Deal sets port's growth in motion
PrimePort Timaru is in discussions with new clients as its strategic alliance with the Port of Tauranga becomes operational.
PrimePort chief executive Jeremy Boys yesterday described the transition as "seamless".
The Port of Tauranga invested $21.6 million in a 50 per cent share in PrimePort Timaru and will lease the container terminal for up to 35 years.
Mr Boys said there were opportunities to grow the business and leverage off Tauranga with freight savings.
"There is huge growth in the rural sector, including the new dairy company and irrigation," he said.
"We are in discussions with a number of possible clients and PrimePort is well positioned to offer a suite of cost-effective options."
The agreement combines the capacity of the Port of Tauranga, New Zealand's largest and most efficient port, with PrimePort's strategic position and huge commercial potential in the South Island.

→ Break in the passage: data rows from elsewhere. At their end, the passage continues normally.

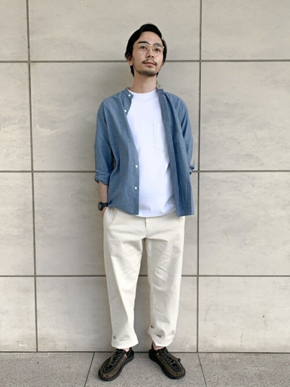 JOURNAL STANDARD relume(JOURNAL STANDARD relume 本社)のシャツ/ブラウス「【HOUSE HOLD / ハウスホールド】コットンリネン バンドカラーシャツ」を使ったコーディネート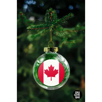 Canada flag, Στολίδι Χριστουγεννιάτικη μπάλα δένδρου διάφανη με πράσινο γέμισμα 8cm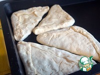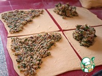 Тесто (внизу – дрожжевое, сверху – бездрожжевое) раскатать довольно тонко в прямоугольный блин. Разрезать блин на четыре части, выкладывать на каждую часть начинку так, как на фото. |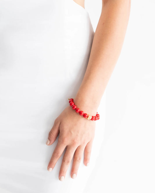 Bailey Stretch Bracelet | Handcast Gold Bead & Red Coral Stretch Bracelet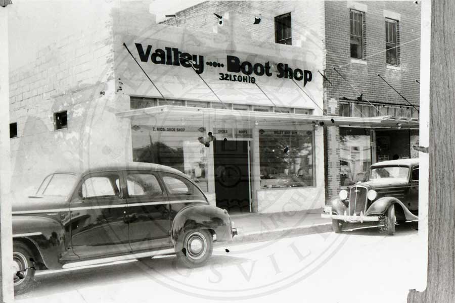 A1989-050.0007Collection: Valley Boot Company Photographs Location: Negative File | Front of Valley Boot Shop, "321 S. Ohio"  "Z. Rios Shoe Shop" printed on signs |  |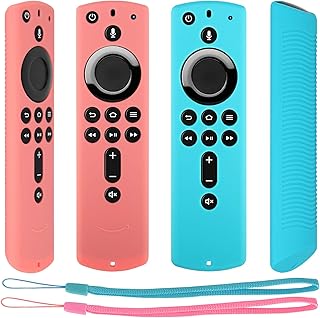 Pinowu Housse Coque de Protection [Sangle Incluse] Compatible avec Fire TV Stick 4K / Fire TV Stick (2nd Gen)/ Fire TV Cube/Fire TV (3rd Gen) Télécommande (2pcs: Turquoise et Rose)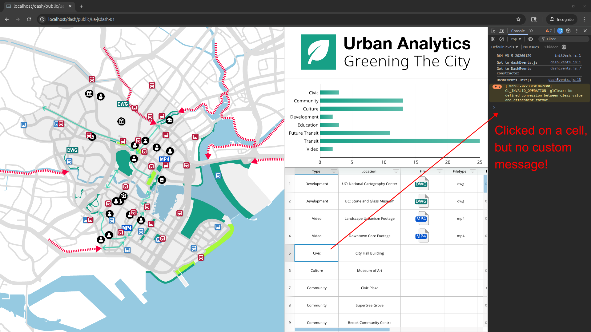 With the browser console open, click on a cell in the Type column. You should see your custom message appear.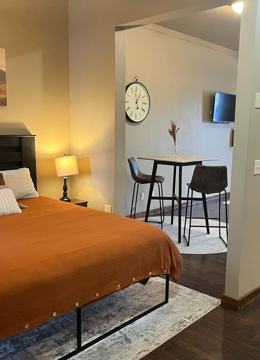 **Charming Fully Furnished Studio for Long-Term Lease****Location:** Prime area with convenient access to local amenities and attractions.**Features:**- **Comfortable Living:** Enjoy radiant floor heating and air conditioning for year-round comfort.- **Fully Equipped Kitchenette:** Comes stocked with essential appliances including: - Stove top - Microwave - Toaster - Blender - Coffee pot- **Laundry Convenience:** In-unit washer and dryer for your convenience.- **Restful Sleep:** Brand new king-size mattress ensures a great night’s rest.**Why You’ll Love It:**This studio unit offers the perfect blend of comfort and functionality, making it ideal for anyone looking to settle in a vibrant location. With its thoughtful amenities and cozy atmosphere, you won’t be disappointed!$1,795/month gets you a fully furnished apartmen. Schedule a showing today! One pet may be ok with a pet deposit.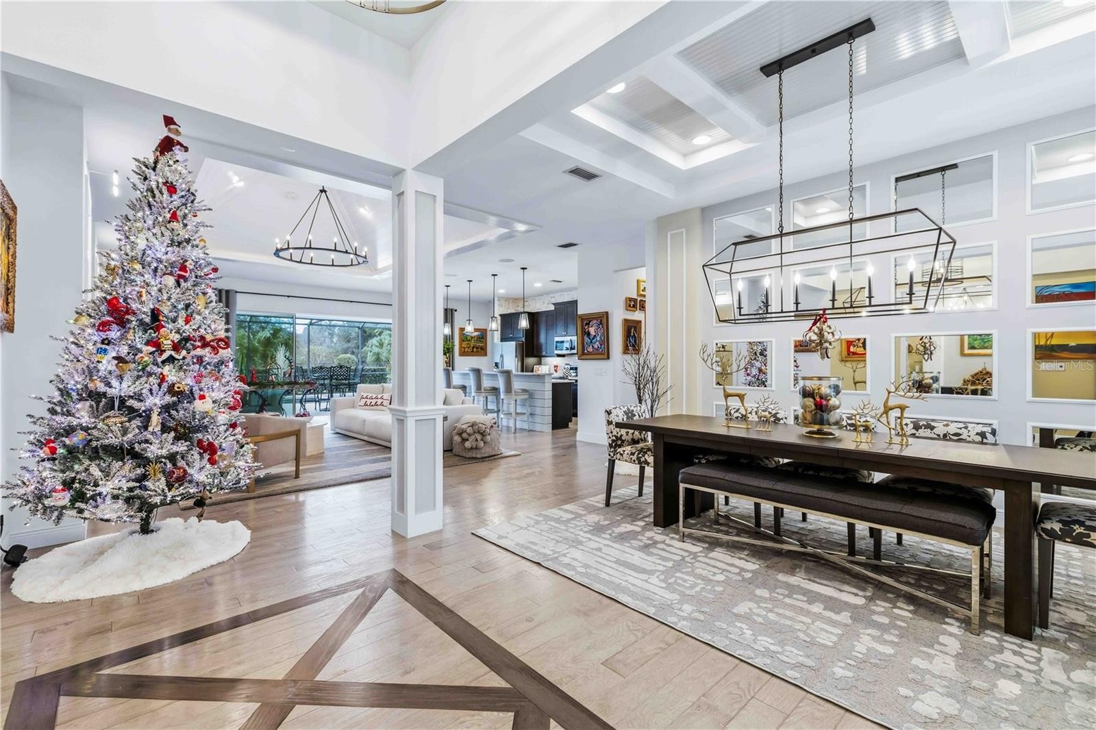 Welcome to this stunning Medallion Home residence located in the highly desirable gated community of Waverley. Perfectly positioned on a private homesite, non flood zone, this beautifully upgraded home offers 4 spacious bedrooms, 3 full bathrooms, a dedicated office/den, and a 3-car garage—designed for both comfort and upscale living. Light-filled and inviting, the open-concept floor plan is ideal for entertaining, flowing effortlessly from the interior living spaces to an expansive outdoor retreat. The enlarged outdoor living area features a resort-style pool and spa, electric patio screen, and a fully equipped outdoor kitchen complete with a premium hood and granite backsplash—perfect for year-round enjoyment. This home is loaded with high-end upgrades, including a whole-home Sonos sound system, a comprehensive security system with nine cameras, and four mounted TVs located on the patio, in the family room, bedroom, and office. Pool enhancements include variable-speed pumps, upgraded controls, new lighting, integrated lighting and pool controls, and a robotic pool cleaner for ease of maintenance. Additional highlights include professionally designed landscaping with landscape lighting, remote-controlled window blinds throughout, and striking Pella mahogany front doors with Baldwin lifetime mortise locks. The exterior of the home and pool deck were freshly repainted in 2025, adding to the home’s pristine condition and curb appeal. This exceptional property offers privacy, luxury upgrades, and seamless indoor-outdoor living in a premier gated community. A truly remarkable home that is move-in ready and a must-see.

The Port of Tauranga has established a new company, Timaru Container Terminal Ltd (TCT South), which is a fully owned subsidiary of the Port of Tauranga.
This company will operate the container terminal in Timaru and will lease the North Mole from PrimePort. TCT South will manage the container trade, multipurpose cargo and related container business on the North Mole and will own all container cranes and forklifts.
PrimePort will continue to manage all other trades.
The governance of PrimePort Timaru has also changed. There are three new directors: David Pilkington of Wellington, William Bayliss of Queenstown and Port of Tauranga chief executive Mark Cairns, who join Roger Gower (chair) of Auckland, Philip Wareing of Methven and Nigel Gormack of Timaru.